◆ **REQUIRED ACTION**: Look below for the line that contains "Bursa Büyükşehir Belediye", then copy it and each following line exactly, through and including the line that contains "Crafted of durable".

◆ **INPUT**:
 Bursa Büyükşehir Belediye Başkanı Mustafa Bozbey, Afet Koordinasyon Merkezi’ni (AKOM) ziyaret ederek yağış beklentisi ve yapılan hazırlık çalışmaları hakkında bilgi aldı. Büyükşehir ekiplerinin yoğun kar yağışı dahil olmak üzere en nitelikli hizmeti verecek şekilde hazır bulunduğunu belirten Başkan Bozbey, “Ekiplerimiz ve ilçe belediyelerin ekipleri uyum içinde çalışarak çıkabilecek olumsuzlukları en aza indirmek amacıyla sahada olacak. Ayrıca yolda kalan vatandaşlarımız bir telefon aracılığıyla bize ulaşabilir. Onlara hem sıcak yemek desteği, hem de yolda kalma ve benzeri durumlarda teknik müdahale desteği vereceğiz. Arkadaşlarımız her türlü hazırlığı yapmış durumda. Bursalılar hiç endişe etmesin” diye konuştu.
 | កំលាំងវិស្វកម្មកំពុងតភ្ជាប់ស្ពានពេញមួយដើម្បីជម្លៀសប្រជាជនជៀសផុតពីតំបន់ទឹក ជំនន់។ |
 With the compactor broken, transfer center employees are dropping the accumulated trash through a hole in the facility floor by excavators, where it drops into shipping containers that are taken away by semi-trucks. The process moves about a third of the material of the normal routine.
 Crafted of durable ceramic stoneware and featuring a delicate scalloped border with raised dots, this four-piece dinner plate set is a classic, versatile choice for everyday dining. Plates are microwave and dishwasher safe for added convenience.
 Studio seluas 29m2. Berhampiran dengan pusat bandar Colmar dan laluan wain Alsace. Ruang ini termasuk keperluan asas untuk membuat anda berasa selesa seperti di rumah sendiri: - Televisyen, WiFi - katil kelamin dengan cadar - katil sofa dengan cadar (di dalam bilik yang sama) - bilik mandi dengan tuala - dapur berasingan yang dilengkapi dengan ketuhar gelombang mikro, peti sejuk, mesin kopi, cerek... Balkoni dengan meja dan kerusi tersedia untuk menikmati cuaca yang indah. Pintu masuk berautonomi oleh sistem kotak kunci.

* * *

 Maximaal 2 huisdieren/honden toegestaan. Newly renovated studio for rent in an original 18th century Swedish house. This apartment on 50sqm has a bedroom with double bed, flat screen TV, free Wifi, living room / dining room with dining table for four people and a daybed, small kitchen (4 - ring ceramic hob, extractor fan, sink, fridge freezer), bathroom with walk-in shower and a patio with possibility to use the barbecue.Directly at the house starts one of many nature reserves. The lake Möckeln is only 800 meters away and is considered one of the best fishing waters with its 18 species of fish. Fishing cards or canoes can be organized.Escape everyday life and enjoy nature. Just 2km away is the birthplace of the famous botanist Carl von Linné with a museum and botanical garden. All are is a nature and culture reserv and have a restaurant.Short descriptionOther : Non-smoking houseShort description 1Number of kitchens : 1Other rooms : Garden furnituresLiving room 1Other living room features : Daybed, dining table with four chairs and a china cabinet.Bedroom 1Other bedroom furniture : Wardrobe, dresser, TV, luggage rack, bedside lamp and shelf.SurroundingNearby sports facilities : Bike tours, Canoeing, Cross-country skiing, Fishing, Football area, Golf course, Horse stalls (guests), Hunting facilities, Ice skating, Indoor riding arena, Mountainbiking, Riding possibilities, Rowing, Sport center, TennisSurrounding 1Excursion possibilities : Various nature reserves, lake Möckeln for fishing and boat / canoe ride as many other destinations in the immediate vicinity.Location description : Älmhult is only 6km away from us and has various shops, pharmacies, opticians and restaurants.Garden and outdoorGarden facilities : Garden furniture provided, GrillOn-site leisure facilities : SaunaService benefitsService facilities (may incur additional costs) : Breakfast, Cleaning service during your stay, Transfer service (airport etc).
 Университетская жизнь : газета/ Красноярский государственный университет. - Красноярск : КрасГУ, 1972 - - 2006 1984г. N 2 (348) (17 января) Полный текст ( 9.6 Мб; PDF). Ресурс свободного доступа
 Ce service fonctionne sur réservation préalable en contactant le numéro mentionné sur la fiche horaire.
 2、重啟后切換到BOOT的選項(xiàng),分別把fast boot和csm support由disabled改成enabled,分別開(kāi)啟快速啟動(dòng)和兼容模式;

◆ **SOLUTION TO THIS TASK**:
 Bursa Büyükşehir Belediye Başkanı Mustafa Bozbey, Afet Koordinasyon Merkezi’ni (AKOM) ziyaret ederek yağış beklentisi ve yapılan hazırlık çalışmaları hakkında bilgi aldı. Büyükşehir ekiplerinin yoğun kar yağışı dahil olmak üzere en nitelikli hizmeti verecek şekilde hazır bulunduğunu belirten Başkan Bozbey, “Ekiplerimiz ve ilçe belediyelerin ekipleri uyum içinde çalışarak çıkabilecek olumsuzlukları en aza indirmek amacıyla sahada olacak. Ayrıca yolda kalan vatandaşlarımız bir telefon aracılığıyla bize ulaşabilir. Onlara hem sıcak yemek desteği, hem de yolda kalma ve benzeri durumlarda teknik müdahale desteği vereceğiz. Arkadaşlarımız her türlü hazırlığı yapmış durumda. Bursalılar hiç endişe etmesin” diye konuştu.
 | កំលាំងវិស្វកម្មកំពុងតភ្ជាប់ស្ពានពេញមួយដើម្បីជម្លៀសប្រជាជនជៀសផុតពីតំបន់ទឹក ជំនន់។ |
 With the compactor broken, transfer center employees are dropping the accumulated trash through a hole in the facility floor by excavators, where it drops into shipping containers that are taken away by semi-trucks. The process moves about a third of the material of the normal routine.
 Crafted of durable ceramic stoneware and featuring a delicate scalloped border with raised dots, this four-piece dinner plate set is a classic, versatile choice for everyday dining. Plates are microwave and dishwasher safe for added convenience.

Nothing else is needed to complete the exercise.